[Opening Source information section]

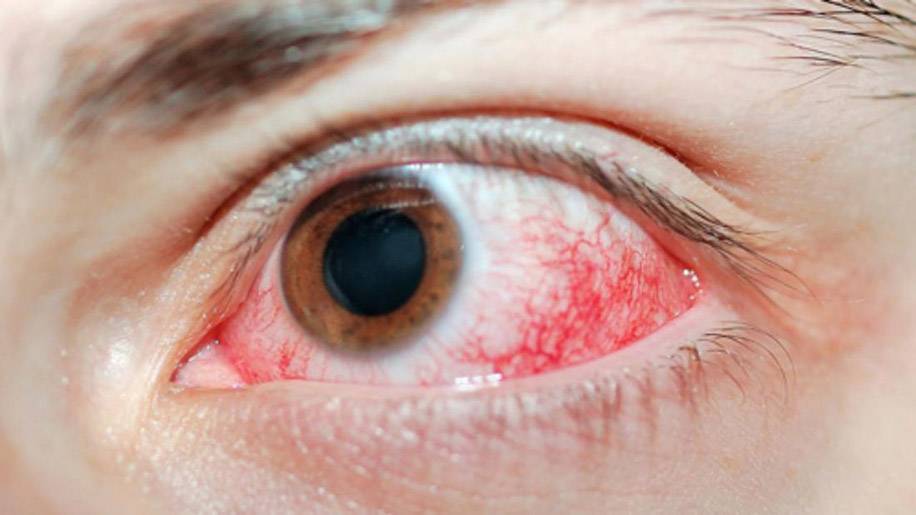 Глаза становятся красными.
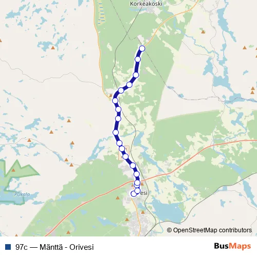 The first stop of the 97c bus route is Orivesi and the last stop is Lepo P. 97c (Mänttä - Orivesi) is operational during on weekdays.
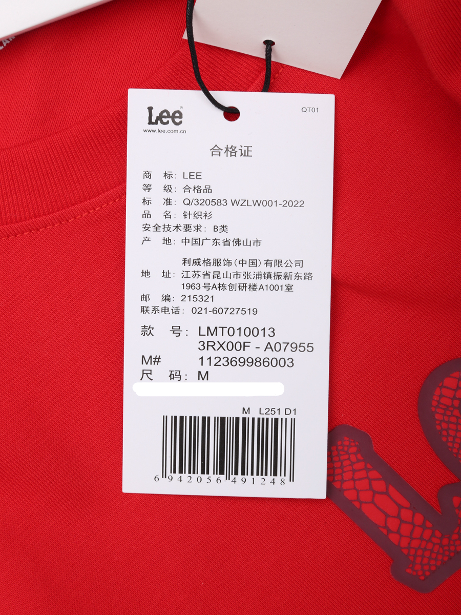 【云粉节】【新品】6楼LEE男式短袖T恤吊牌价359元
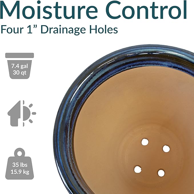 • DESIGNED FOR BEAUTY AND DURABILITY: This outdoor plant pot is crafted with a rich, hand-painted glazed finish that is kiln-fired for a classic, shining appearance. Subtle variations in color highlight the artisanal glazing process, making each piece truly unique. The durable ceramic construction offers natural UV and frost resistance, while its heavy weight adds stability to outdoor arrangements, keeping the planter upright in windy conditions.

[Closing Source information section]
[Opening Source information section]

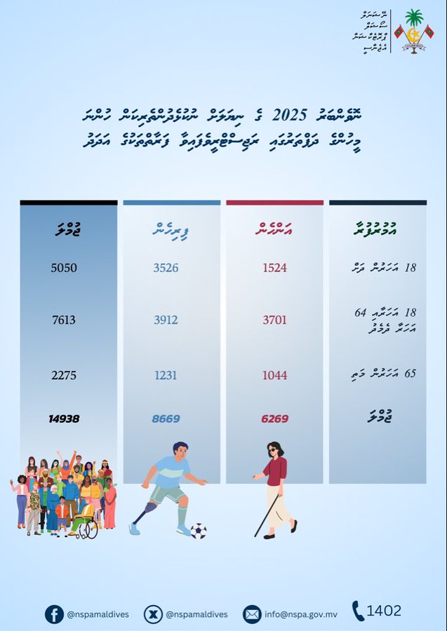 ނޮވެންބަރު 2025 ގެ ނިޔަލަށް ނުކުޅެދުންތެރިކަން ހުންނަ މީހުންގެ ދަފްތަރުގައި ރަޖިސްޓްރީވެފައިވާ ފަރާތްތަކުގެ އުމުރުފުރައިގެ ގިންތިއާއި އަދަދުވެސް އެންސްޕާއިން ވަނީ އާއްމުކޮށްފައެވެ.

[Closing Source information section]

In the listing above, find the line with "Глаза становятся красными." and the line with "in windy conditions.". Set down exactly those lines and everything between them, skipping pictures.

 Глаза становятся красными.
 The first stop of the 97c bus route is Orivesi and the last stop is Lepo P. 97c (Mänttä - Orivesi) is operational during on weekdays.
 【云粉节】【新品】6楼LEE男式短袖T恤吊牌价359元
 • DESIGNED FOR BEAUTY AND DURABILITY: This outdoor plant pot is crafted with a rich, hand-painted glazed finish that is kiln-fired for a classic, shining appearance. Subtle variations in color highlight the artisanal glazing process, making each piece truly unique. The durable ceramic construction offers natural UV and frost resistance, while its heavy weight adds stability to outdoor arrangements, keeping the planter upright in windy conditions.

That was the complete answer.